Edited by Steve Granick, IBS Center for Soft and Living Matter, Ulju-gun, Ulsan, Republic of Korea, and approved August 22, 2017 (received for review May 5, 2017)

## Significance

Local structure and symmetry in amorphous materials and glasses may play a critical role in their formation and properties yet are notoriously hard to measure. Here, we demonstrate a direct method for measuring the proportions of polyhedra with different local point symmetries in amorphous colloidal packings, using small-volume transmission diffraction patterns. We show that local order is tuned by the interaction potential between microspheres and the method of preparation. This methodology can be readily applied to a broad range of disordered materials and packings to probe for universal features in their structure. It also has the potential to quantify local order in liquid, undercooled, and liquid–crystal systems approaching a phase transition.

## Abstract

Local structure and symmetry are keys to understanding how a material is formed and the properties it subsequently exhibits. This applies to both crystals and amorphous and glassy materials. In the case of amorphous materials, strong links between processing and history, structure and properties have yet to be made because measuring amorphous structure remains a significant challenge. Here, we demonstrate a method to quantify proportions of the bond-orientational order of nearest neighbor clusters [Steinhardt, et al. (1983) *Phys Rev B* 28:784–805] in colloidal packings by statistically analyzing the angular correlations in an ensemble of scanning transmission microbeam small-angle X-ray scattering (*μ*SAXS) patterns. We show that local order can be modulated by tuning the potential between monodisperse, spherical colloidal silica particles using salt and surfactant additives and that more pronounced order is obtained by centrifugation than sedimentation. The order in the centrifuged glasses reflects the ground state order in the dispersion at lower packing fractions. This diffraction-based method can be applied to amorphous systems across decades in length scale to connect structure to behavior in disordered systems with a range of particle interactions.

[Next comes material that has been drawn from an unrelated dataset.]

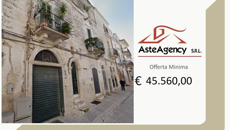 Descrizione sintetica: fabbricato indipendente di antica costruzione situato nel centro storico, sviluppato su più livelli collegati internamente. Il piano interrato è composto da tre locali comunicanti accessibili tramite scala interna dal piano terra di mq 60,00. Il piano terra comprende più ambienti, tra cui locale adibito ad autorimessa di 97,00 mq, ulteriori vani e ripostiglio. Il primo piano, con accesso indipendente, è composto da soggiorno con angolo cottura, due camere da letto e bagno, con collegamento interno tramite scala al piano superiore. Il secondo piano è costituito da lastrico solare praticabile di mq 76,00.
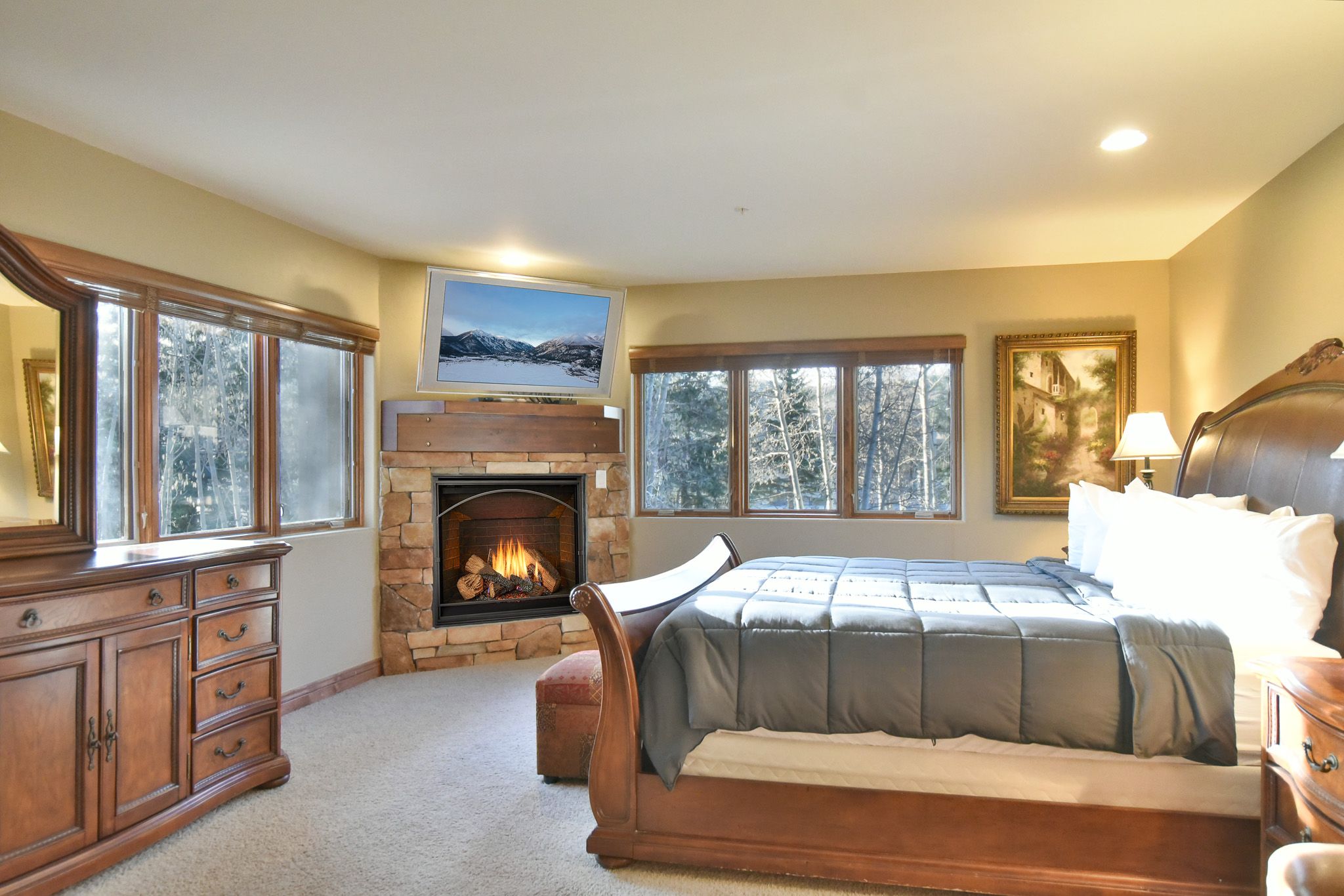 • King Master Suite: King Bed, Smart TV, Gas Fireplace, En-Suite Bathroom, Dual Vanity, Walk-In Tile Shower & Large Soaking Tub. (Sleeps 2)

The role of local structures in amorphous materials in formation and properties is still contested. For example, the importance of local structure, or structures, in promoting glass formation and circumventing crystallization remains unclear (1, 2). The structural signatures that dictate material rheology and shear response (3⇓⇓–6) and demarcate the glassy state from a random close-packed state have yet to be unambiguously identified (7). Progress in addressing these fundamental questions has been hindered by the limitations of simulation and the experimental difficulty of measuring glassy structure beyond pair correlations (1).

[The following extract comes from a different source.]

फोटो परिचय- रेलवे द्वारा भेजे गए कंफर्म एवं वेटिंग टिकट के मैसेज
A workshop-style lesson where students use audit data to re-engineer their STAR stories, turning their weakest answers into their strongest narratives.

It has long been acknowledged that unlike crystal structures, the structures of glassy and disordered assemblies are not adequately specified by the pair-correlation function (8) obtained by inverting broad-beam diffraction patterns that sample many local configurations. Higher order correlation functions can be accessed by using diffraction geometries in which the probe beam is comparable in size to the short-range structural correlations (9, 10). These measurements have been made using visible light on granular systems (11), X-rays scattered into small angles by colloidal systems (12), and electrons in atomic glasses (13). The intensity variations that arise can be used to calculate an intensity variance (14) or an angular correlation function (13), sensitive to different complex functions of the 2-, -3-, and 4-body correlations. The data can be compared with simulations from models (13) or used to refine models (15). Inverting the data to obtain directly the higher order correlation functions is an outstanding and apparently intractable problem (14), although there has been recent progress in extracting a function that shows the angular correlations in different coordination shells (16).

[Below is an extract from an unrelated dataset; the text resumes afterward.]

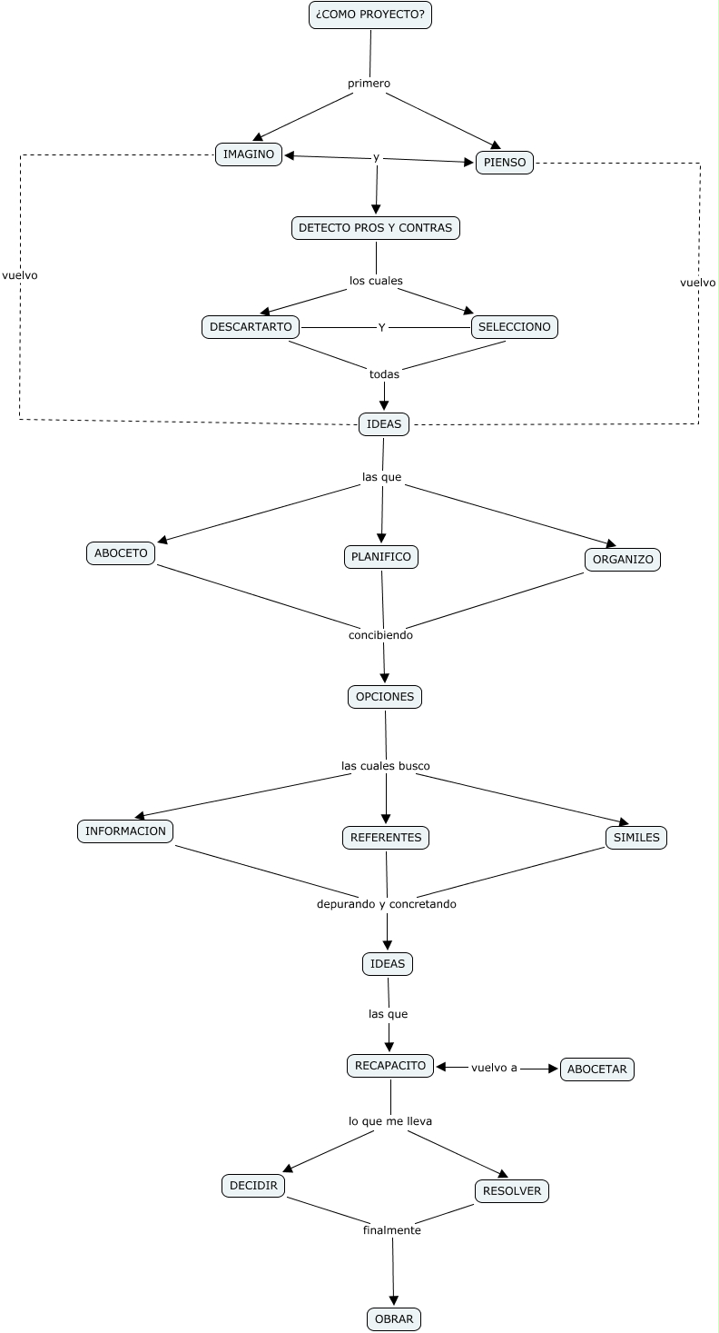 Este Cmap, tiene información relacionada con: COMO PROYECTO VIOLETA SEGURA, SELECCIONO Y DESCARTARTO, ¿COMO PROYECTO? primero PIENSO, OPCIONES las cuales busco SIMILES, DESCARTARTO todas IDEAS, ¿COMO PROYECTO? primero IMAGINO, ABOCETO concibiendo OPCIONES, DESCARTARTO todas SELECCIONO, DETECTO PROS Y CONTRAS los cuales DESCARTARTO, RECAPACITO lo que me lleva DECIDIR, PLANIFICO concibiendo OPCIONES, IDEAS vuelvo IMAGINO, RECAPACITO lo que me lleva RESOLVER, ORGANIZO concibiendo OPCIONES, IDEAS las que ORGANIZO, DECIDIR finalmente OBRAR, IDEAS las que ABOCETO, OPCIONES las cuales busco REFERENTES, DETECTO PROS Y CONTRAS los cuales SELECCIONO, IDEAS las que RECAPACITO, IDEAS las que PLANIFICO

The bond-orientational order (BOO) parameters introduced by Steinhardt, Nelson, and Ronchetti (17) have been invaluable tools for assessing the local order (first coordination shell) in disordered, glassy, or liquid assemblies. In brief, these are the set of rotationally invariant parameters based on spherical harmonics that can be used as fingerprints of different archetypal short-range clusters (face-centered cubic, FCC; body-centered cubic, BCC; hexagonal close-packed, HCP; icosahedral, ICO; simple cubic, SC). Recently we have recalculated these parameters in the projection geometry, appropriate for transmission diffraction using high-energy radiation (18). We found that the projected parameters are still strong identifiers of the order and symmetry of the cluster. We hypothesized that these new projected BOO parameters could be used to directly quantify local structures in isotropic, glassy assemblies from the average angular symmetries in the first diffraction ring of an ensemble of limited-volume diffraction patterns (18). While confocal optical microscopy provides particle positions for a limited volume of colloidal packings of microspheres, a measurement using transmission diffraction offers the possibility of better statistics and more convenient dynamic sampling. Further, by tuning the energy and/or radiation, decades in particle size can be accessed, allowing structure to be examined using the same method across atomic glasses, colloidal glasses, and granular systems.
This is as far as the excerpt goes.